• [TASK DETAILS]: Could you repeat all of the entries exactly, leaving out any pictures?

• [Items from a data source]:
· · ·
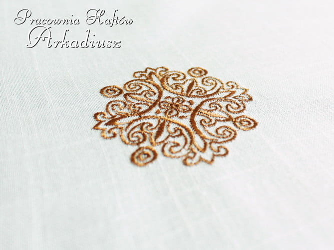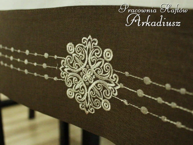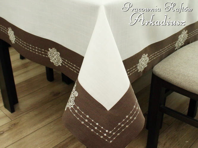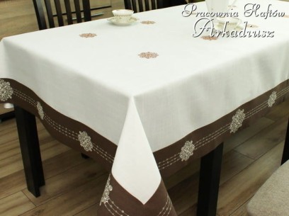 Obrusy doskonale imitujące obrusy lniane z białym środkiem w odcieniu kości słoniowej na brzegach doszyta ciemnobrązowa listwa. obrusy zdobione delikatnym haftem komputerowym.
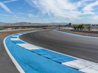 A race track in the USA with asphalt road and curves. Clouds fill the sky on a bright day, enhancing the thrill of racing. Experience the excitement of high-speed competition.
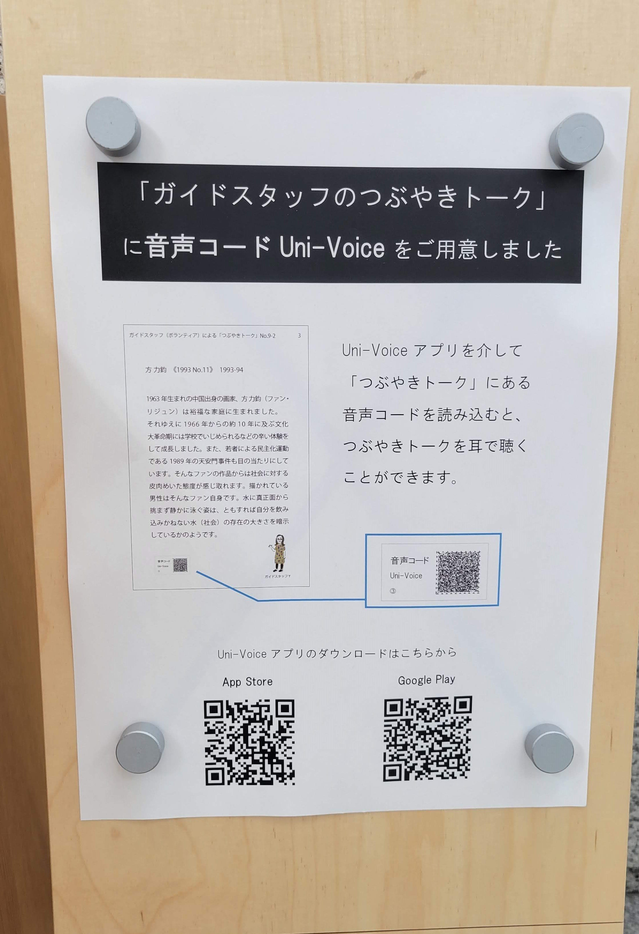 スマートフォンやタブレット端末にインストールしたUni-Voiceの専用アプリを介して二次元コード化された文字情報を読み込むと、各自の端末上に文字情報が表示され、音声での読み上げもできる、というものです。
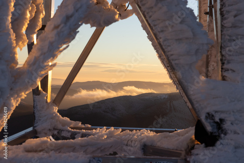 Malowniczy zachód słońca w zimowych Bieszczadach, góry pokryte śniegiem o złotej godzinie.
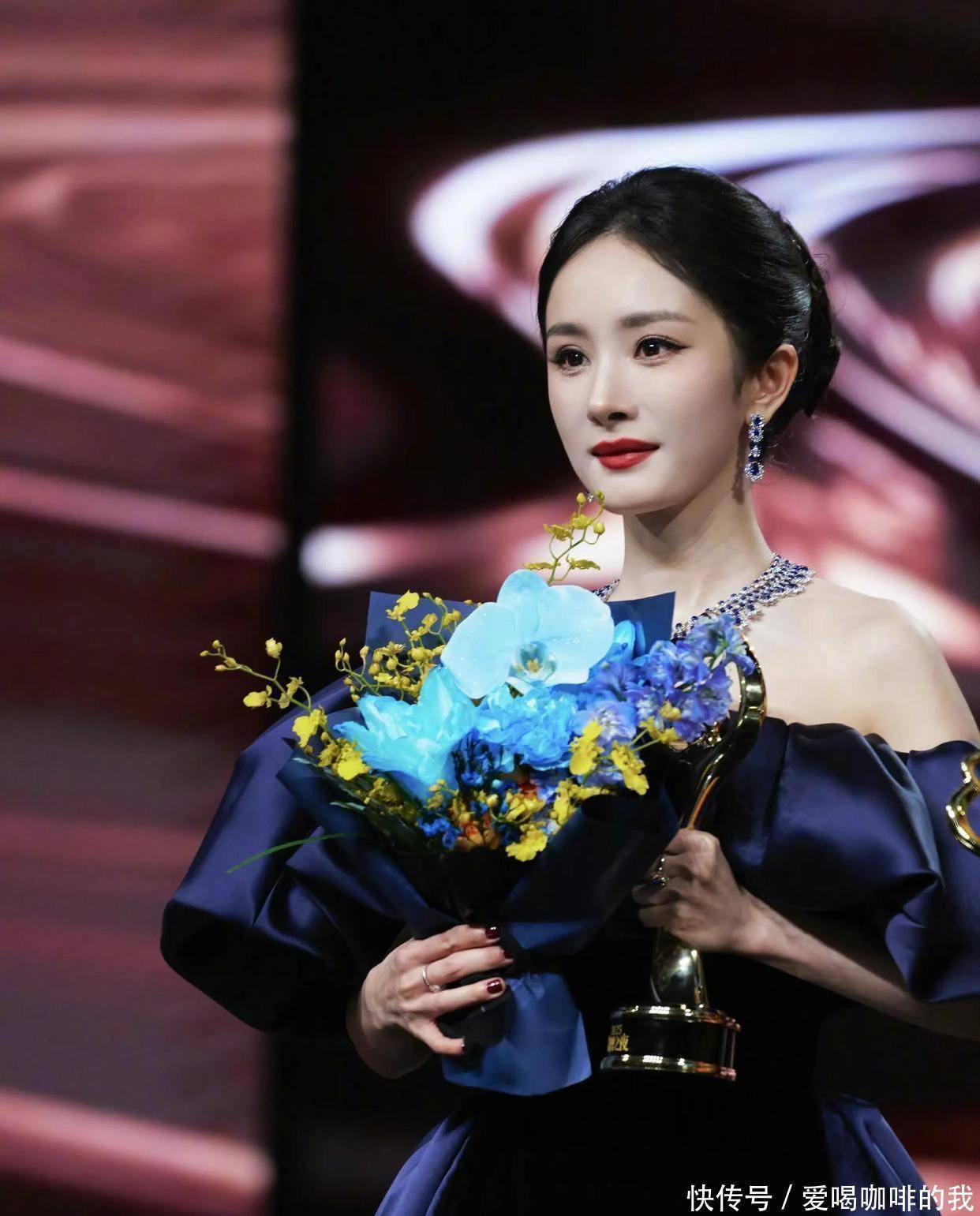 影后的奖杯是硬的,能摆在柜子里的那种。
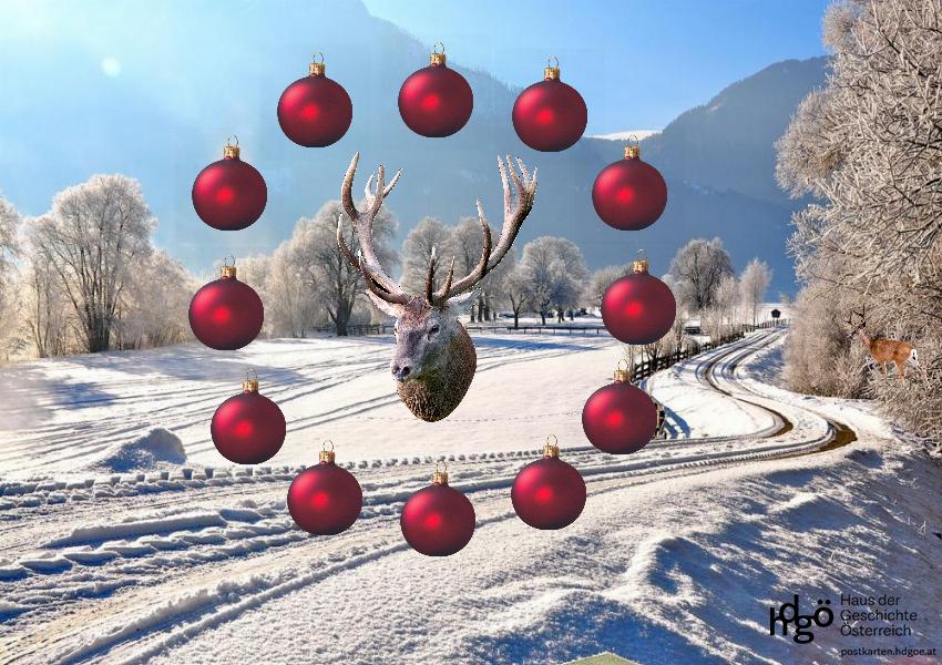 Eine alternative Weihnachtskarte gesucht? Kreieren Sie mit dem hdgö-Postkartengenerator unter postkarten.hdgoe.at ganz besondere winterliche Grüße. Grafik: hdgö
· · ·
• [WRITTEN ANSWER]:
 Obrusy doskonale imitujące obrusy lniane z białym środkiem w odcieniu kości słoniowej na brzegach doszyta ciemnobrązowa listwa. obrusy zdobione delikatnym haftem komputerowym.
 A race track in the USA with asphalt road and curves. Clouds fill the sky on a bright day, enhancing the thrill of racing. Experience the excitement of high-speed competition.
 スマートフォンやタブレット端末にインストールしたUni-Voiceの専用アプリを介して二次元コード化された文字情報を読み込むと、各自の端末上に文字情報が表示され、音声での読み上げもできる、というものです。
 Malowniczy zachód słońca w zimowych Bieszczadach, góry pokryte śniegiem o złotej godzinie.
 影后的奖杯是硬的,能摆在柜子里的那种。
 Eine alternative Weihnachtskarte gesucht? Kreieren Sie mit dem hdgö-Postkartengenerator unter postkarten.hdgoe.at ganz besondere winterliche Grüße. Grafik: hdgö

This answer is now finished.